I apologize for the term nice-to-have formulaicity and only use it for lack of something more appropriate. The apology is required because this is actually the fun part of formulaic language. It is the domain of all the wonderful idiomatic expressions that add so much flavor and expressive potential to language: the playground of idioms, proverbs, weird tautologies, irreversible binomials and all the other types of multi-words units that first come to mind when thinking about this term. These sequences are generally rare; they can exhibit medium to high idiomaticity, mainly of the semantic type. If idiomatic, they are clearly chunked and can be used with considerable automaticity when triggered by context and a specific communicative task.

Figure 4.

Charting the space of syntagmatic sequences in terms of domains for L2 learning.

Goals of L2 learning

The overall goal of second-language learning (and teaching) is to increase fluency and automaticity. Solving communicative tasks by means of compositional syntax is non-automatic by definition and hence a potential threat to fluency. The more formulaic the solution of a given communicative task is for the learner, the more effortlessly and efficiently it will be solved. Therefore, the goal of second-language learning and teaching must be to increase the stock of available formulaic routines.

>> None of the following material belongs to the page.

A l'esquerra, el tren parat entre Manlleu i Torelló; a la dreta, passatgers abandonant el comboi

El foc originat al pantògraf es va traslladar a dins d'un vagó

As pointed out above, the domain of formulaic syntax plays a key role in reaching this goal. Recurrent lexicogrammatical co-occurrence tendencies can be exploited for experience-based implicit learning. The domain of formulaic syntax thus ‘hosts’ the large number of medium-frequent instantiations of productive patterns, for example, it is clear that, in a such a way (that) or by the end of the year. This is the place where the increasing variety of communicative tasks the learner faces and the available repertoire of ready-made solutions are balanced out, giving rise to the frequency profiles observed in Figure 1. The more frequently such recurrent solutions to recurrent communicative tasks have been processed, the more internally cohesive they become and can thus be ‘passed on’ to the domains of must-have or want-to-have formulaicity (depending on how frequent they are).

Due to the very low frequency of the items subsumed under the label of nice-to-have formulaicity, implicit learning by repeated processing is not a viable option. There is simply not enough input around for that. Learning can only work in one of two ways: first, in the form of one-shot learning, that is, by high awareness that an expression one has encountered is very special indeed and might be useful in the future even though it is very rare; and second, by explicit learning in a classroom context.

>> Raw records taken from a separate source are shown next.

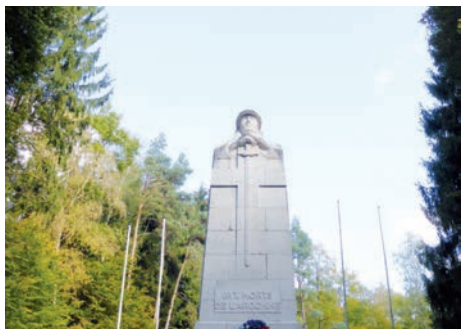
Monument ossuaire de la Haute Chevauchée (Meuse)
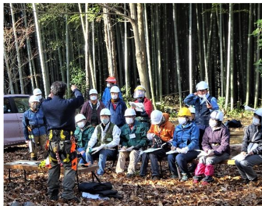
1/20 安全な伐竹と竹の搬出研修
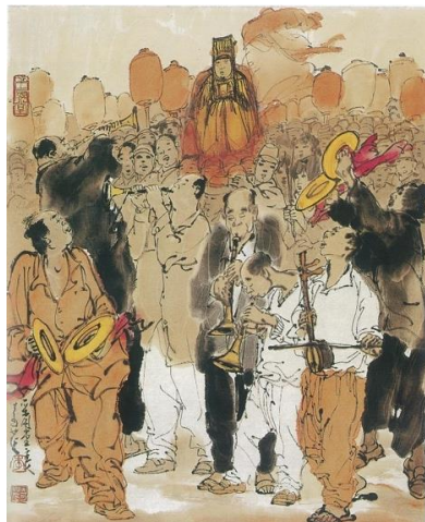
圖 3 李奇茂，《媽祖出巡》，1980，水墨設色、紙本，尺寸未詳

(圖片出處：潘潘，2014，《采風·神韻：李奇茂》，頁 67，國立臺灣美術館，時報文化。)

Pathways of L2 learning of formulaic language

To appreciate what these findings mean for the L2 learning of formulaic language, we have to keep in mind the different types of learners and learning circumstances mentioned in Section 2.

The immersion learner

Immersion learners essentially get must-have formulaicity for free. The routines that fall under this label are so frequent and communicatively useful that learners who get massive input can hardly fail to learn them. The more exposure they manage to accumulate, and the more variable their input becomes, the larger the repertoire of want-to-have formulaicity and formulaic syntax will grow and the larger the proportion of communicative tasks that can be solved without recourse to compositional syntax will become.

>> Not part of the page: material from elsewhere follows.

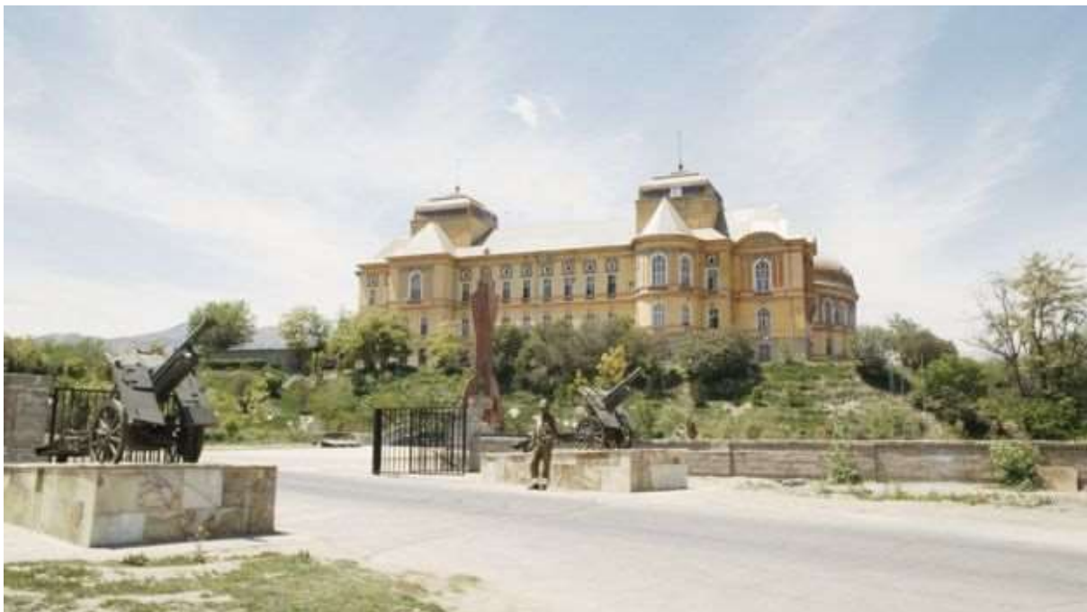
قصر دارالامان در کابل زمانی مرکز فرماندهی نیروهای شوروی در افغانستان محسوب می‌شد

ترنر از احتمال تغییر امین نیز صحبت می‌کند.

With most of the increase in fluency handled by implicit learning, the advanced immersion learners’ main task for explicit learning is to extend their repertoire of nice-to-have formulaicity. This will not so much improve their close-to-ceiling fluency but contribute to stylistic variability and richness. A large volume of stylistically varied input and/or dedicated measures such as working with specialized material is presumably required to make progress in this domain.

The classroom learner

For classroom learners who suffer from severe shortage of input, the situation is very different. Their most important tasks by far are to move from compositional syntax to formulaic syntax and to build an increasingly large repertoire of must-have formulaicity. The first task, that is, to develop formulaic syntax, can be accomplished by strengthening syntagmatic associations reciprocally connecting lexical elements and grammatical patterns. Essentially, it is the emergence of what is referred to as lexicogrammar: learners routinize the syntagmatic associations that subserve recurrent complementation patterns of verbs, nouns and adjectives, on one hand, and recurrent fillers of variable slots in grammatical patterns, on the other.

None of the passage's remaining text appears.